La pequeña Miriam saltó al parqué del pabellón de A Pinguela (Monforte) mientras la música sonaba. A sus solo seis años y con la grada repleta apenas mostró nervios. Al terminar su pase abandonó el escenario y cedió el testigo a su prima mayor Marta. Poco más tarde volvió a salir escena, esta vez para que ambas compartiesen espacio y finalizasen su coreografía fundidas en un abrazo, saludando a los espectadores.

Así fue la primera vez que Miriam y Marta actuaron juntas. La representación narra el crecimiento de una gimnasta desde la infancia, el papel de Miriam, hasta que es adulta, el rol que asumió Marta.

La valoración de quienes la vieron fue muy positiva. También la de unas deportistas que parecen llevar la gimnasia rítmica en los genes. "Muy bien", no duda en contestar Miriam cuando se le pregunta qué tal bailando junto a su prima. Marta García, coleccionista de medallas provinciales y autonómicas y con experiencia en un campeonato de España, fue una de las razones de que la pequeña dejase a un lado el fútbol y optase por la gimnasia rítmica.

EN CASA. "Cuando estamos juntas ensayamos, pero porque ella quiere", indica Marta, que sigue con 18 años en un deporte en el que empezó cuando tenía solo cinco. La madre de Miriam lo confirma y añade que su hija pone frecuentemente vídeos de gimnasia rítmica en YouTube para imitar lo que ve.

Son entrenamientos extra para la niña, que al estar todavía en edad baby no compite y solo acude a ejercitarse una vez a la semana, los lunes por la tarde. Lo hace con las entrenadoras del Kendra, mismo club en el que milita Marta, que acaba de empezar sus estudios de Periodismo en Santiago. Los viernes no falta a su cita con el que ha sido su deporte desde niña.

TODO EN FAMILIA. Miriam tiene otra prima, Marian, que juega al fútbol en el Orzán. Es hermana mayor de Marta. Por falta de referencias no iba a ser. A la hora de elegir, Miriam prefirió el deporte de su prima de menor edad.

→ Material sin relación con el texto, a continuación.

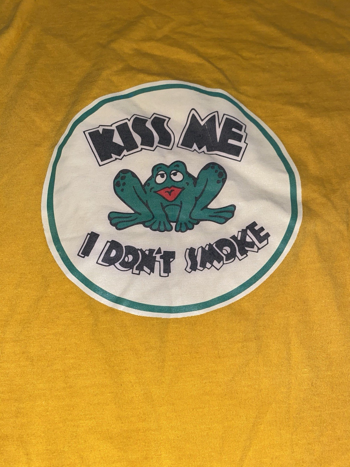 как выглядит Vintage Yellow Kiss Me I Don t Smoke Frog Shirt DownerWear Youth XL 17x26 фото

Y ahí siguen, entrenándose y preparando nuevos pases. Su club, de fundación muy reciente, no acudirá a competir esta temporada. Sí tienen en mente hacerlo la que viene, para la que trabajan.

Puede que la de la gala celebrada en A Pinguela, la primera del Kendra, no haya sido la última vez de Miriam y Marta juntas. Por el momento, el relevo parece asegurado.